Why do these concerns matter? Because they have a real-world impact. A well-functioning press has the power to “comfort the afflicted and afflict the comfortable.” But a reckless reporter’s pen can be just as harmful as a drunk surgeon’s scalpel.
The article repeatedly and uncritically leans into the talking points of anti-transgender extremists, parroting their narratives without examining their sources. As a result, advocates of gender-affirming care are finding themselves in a never-ending game of Whack-a-Myth.
“I’m tired of repeatedly refuting the same points,” Eckert said, noting that they have been so busy responding to the false claims that they have gotten little sleep since Monday. “But I have to keep doing it until mainstream media starts platforming trans voices alongside these biased and transphobic editorials.”

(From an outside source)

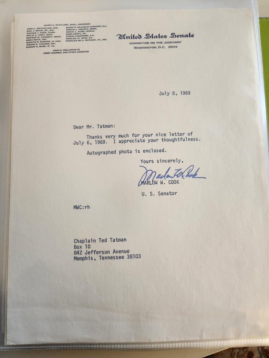 This auction lot is for a Letter and Autographed Photo of Kentucky Senator Marlow W. Cook. Senator Cook was in office when this letter was written on July 8, 1969. Marlow Cook was Jefferson County Judge-Executive for a time and was primarily responsible for the City's purchase of the Belle of Louisville historic river boat steamer.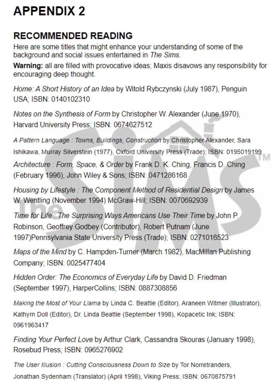 Wrights auf Recherche fußender Designansatz für Die Sims war keineswegs neu, vielmehr gehörte es zum festen Konzept der Maxis-Spiele, dass diese sich auf (populär-)wissenschaftliche Arbeiten zum entsprechenden Setting stützten: So war SimCity (1989-) stark von den Arbeiten Jay Wright Forresters, dem Vater der Systemdynamik beeinflusst und Wright hatte sich zur Vorbereitung auf SimAnt (1991) mit den Arbeiten des Biologen und Pulitzer-Preis-Gewinners Edward O. Wilson zur „emergenten Intelligenz“ von Ameisen vertraut gemacht. Dieses Vorgehen schrieb sich auch in das Marketing der Spiele ein: Das Simulationsgenre nahm ohnehin für sich in Anspruch, realistische Szenarien zumindest näherungsweise abzubilden6, und Wright verstärkte den Eindruck eines wissenschaftlich fundierten Wirklichkeitsbezuges gezielt, indem er den Anleitungen Literaturlisten beilegen ließ.7

Though public trust in media is on the decline, the Times has managed to maintain a reputation as a trustworthy news source, particularly among the sort of well-educated, left-leaning readers who are most likely to support transgender rights.
The credibility of this story is also bolstered by its byline. Lead author Megan Twohey is best known for helping break the Harvey Weinstein sexual assault story. A film about her journalistic accomplishments, She Said, hits theaters this week. Co-author Christina Jewett is an award-winning journalist who focuses on issues including drug safety. Readers can’t be blamed for seeing them as trustworthy.
“The harm done by this article is not that it reveals disagreement about treatment methodologies among a relatively small group of providers and researchers. Disagreement and unbiased, ethical discussion about healthcare is imperative to delivering improved healthcare,” TransActive’s Burleton explained. “The harm done by this article is that it implies that trans-affirming providers and advocates oppose asking questions that will improve trans-affirming healthcare. The article ignores the [denial] that anti-trans zealots – including some care providers/’experts’ – have about the very existence or authenticity of gender expansive identity.”
Whether the author’s missteps are due to malice or ignorance is up for debate. But it is worth noting that neither of the reporters has much experience covering transgender issues. That much is clear from the language they use to describe the experience of being transgender. The authors conflate gender dysphoria and trans identity with “the discomfort of puberty” and cite an interest in wearing dresses as evidence that a child must not have a masculine gender identity. At one point, they go so far as to describe supporters of gender-affirming care as “enthusiasts.”
The Times owes transgender people an apology – and some serious soul-searching – after platforming anti-trans extremism under the guise of investigative journalism. While Monday’s front-page story purports to be a thorough analysis of the scientific research, it traffics in a dangerous misrepresentation of the data. It’s not the first problematic piece from the Times, but it is the most high profile. And while other media outlets are guilty of similar missteps, reporters like Twohey and Jewett (and their editors) should be capable of better. And if they aren’t, perhaps the Times should consider assigning these stories to transgender journalists.